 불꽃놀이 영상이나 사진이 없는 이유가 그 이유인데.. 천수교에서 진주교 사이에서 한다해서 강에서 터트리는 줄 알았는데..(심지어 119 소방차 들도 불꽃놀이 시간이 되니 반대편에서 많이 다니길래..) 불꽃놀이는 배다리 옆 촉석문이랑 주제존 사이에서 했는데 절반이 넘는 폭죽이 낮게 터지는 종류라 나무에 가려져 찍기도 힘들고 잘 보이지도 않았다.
---
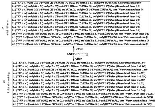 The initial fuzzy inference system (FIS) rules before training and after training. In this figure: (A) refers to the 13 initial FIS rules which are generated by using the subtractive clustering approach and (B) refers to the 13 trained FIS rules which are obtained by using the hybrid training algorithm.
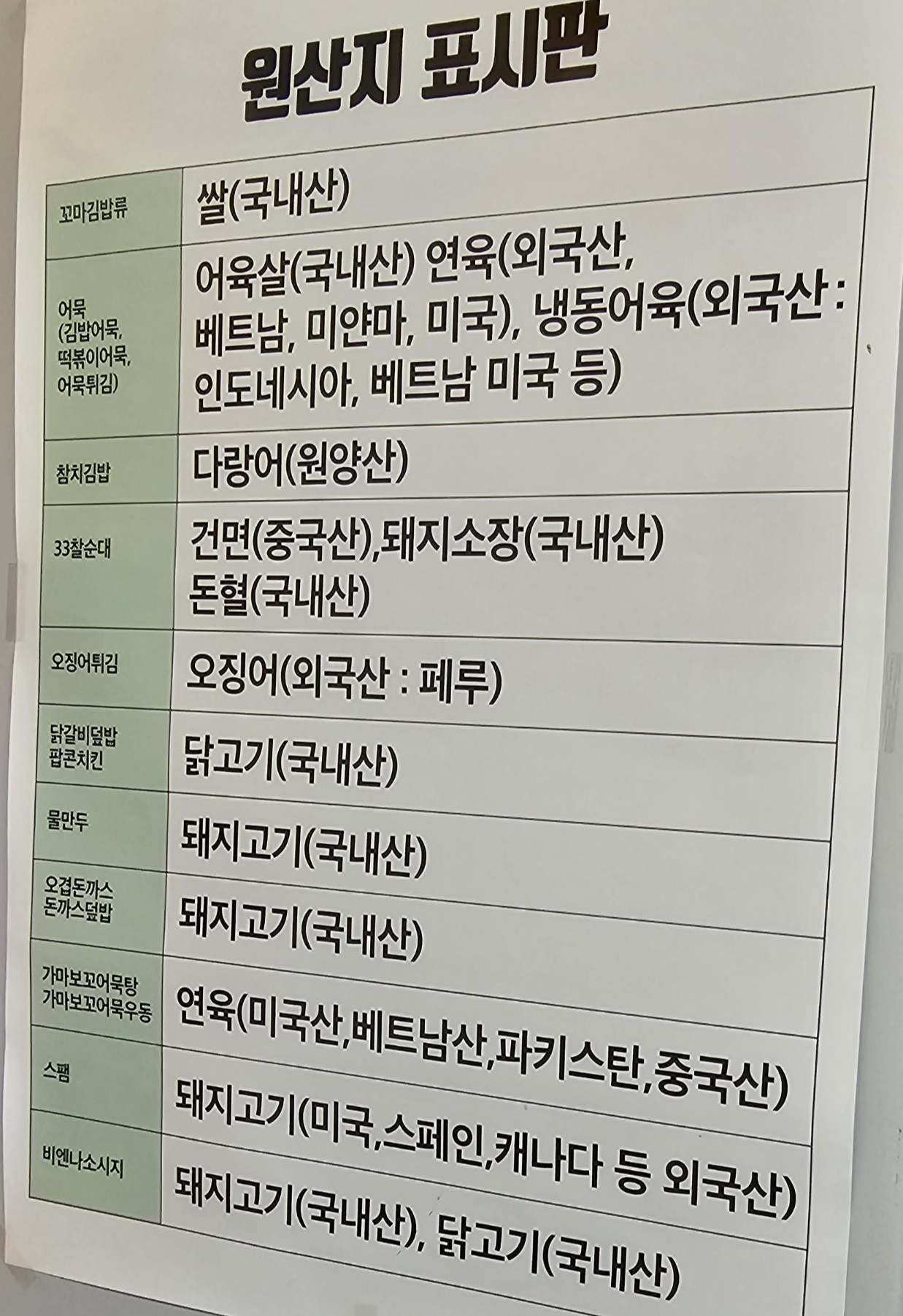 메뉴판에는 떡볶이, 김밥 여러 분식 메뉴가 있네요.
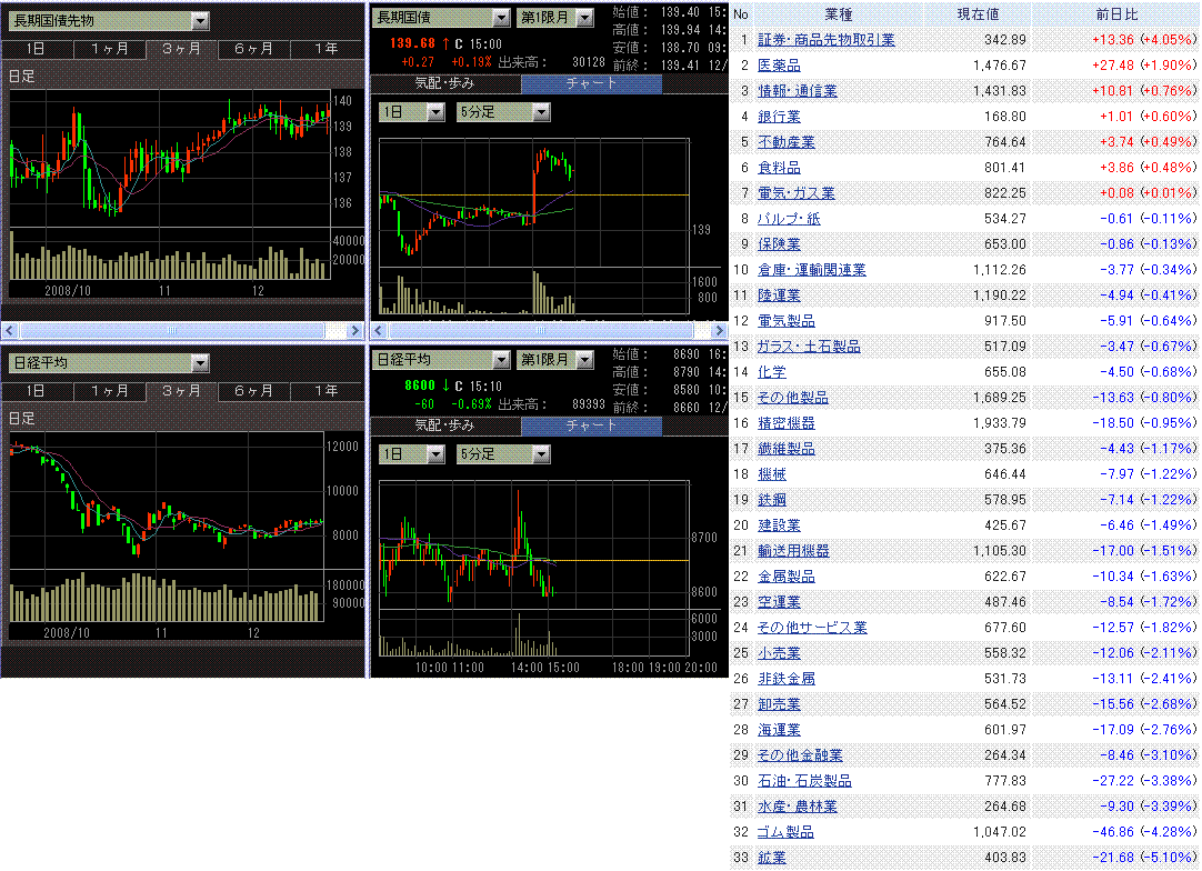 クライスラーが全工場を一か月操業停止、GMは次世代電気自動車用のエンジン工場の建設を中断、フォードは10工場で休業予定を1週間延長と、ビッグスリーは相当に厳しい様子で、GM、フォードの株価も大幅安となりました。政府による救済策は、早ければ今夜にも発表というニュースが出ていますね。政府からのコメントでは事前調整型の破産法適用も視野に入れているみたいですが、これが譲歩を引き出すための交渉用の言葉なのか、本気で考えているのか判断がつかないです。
---
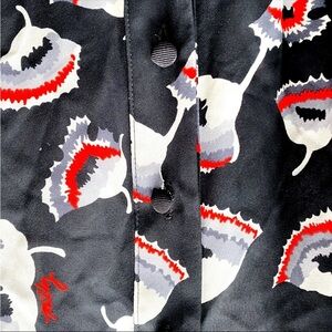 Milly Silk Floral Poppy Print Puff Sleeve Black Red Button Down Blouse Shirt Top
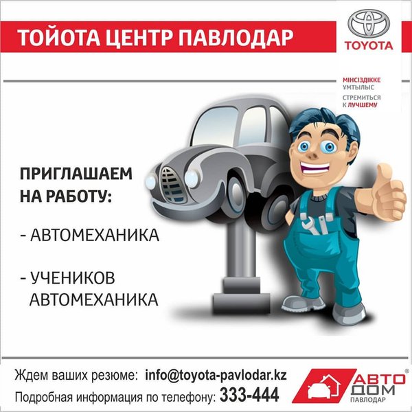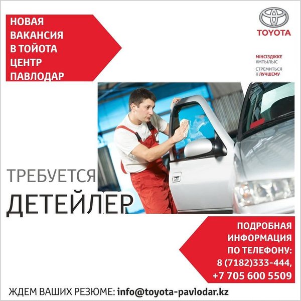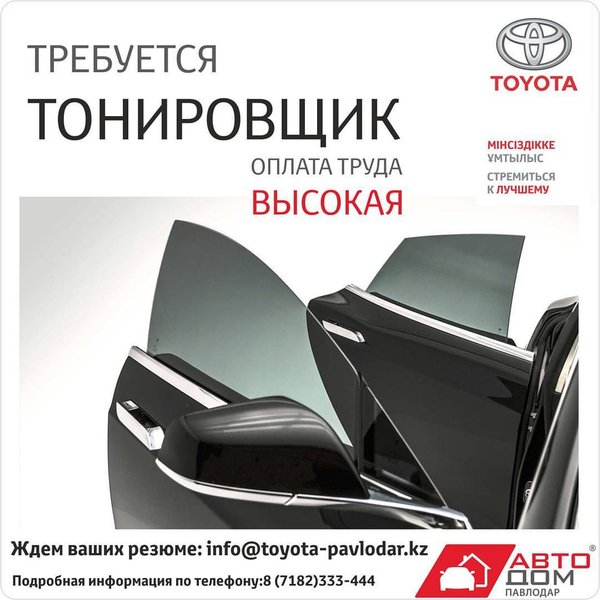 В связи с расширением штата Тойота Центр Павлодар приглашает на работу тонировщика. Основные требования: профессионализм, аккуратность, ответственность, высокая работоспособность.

■ **Your instructions**
Exact copy, no pictures. Write out the lines in the entries above, starting with the line with "메뉴판에는 떡볶이, 김밥 여러 분식 메뉴가 있네요." and going on through the line with "クライスラーが全工場を一か月", keeping both.

■ **Solution**
 메뉴판에는 떡볶이, 김밥 여러 분식 메뉴가 있네요.
 クライスラーが全工場を一か月操業停止、GMは次世代電気自動車用のエンジン工場の建設を中断、フォードは10工場で休業予定を1週間延長と、ビッグスリーは相当に厳しい様子で、GM、フォードの株価も大幅安となりました。政府による救済策は、早ければ今夜にも発表というニュースが出ていますね。政府からのコメントでは事前調整型の破産法適用も視野に入れているみたいですが、これが譲歩を引き出すための交渉用の言葉なのか、本気で考えているのか判断がつかないです。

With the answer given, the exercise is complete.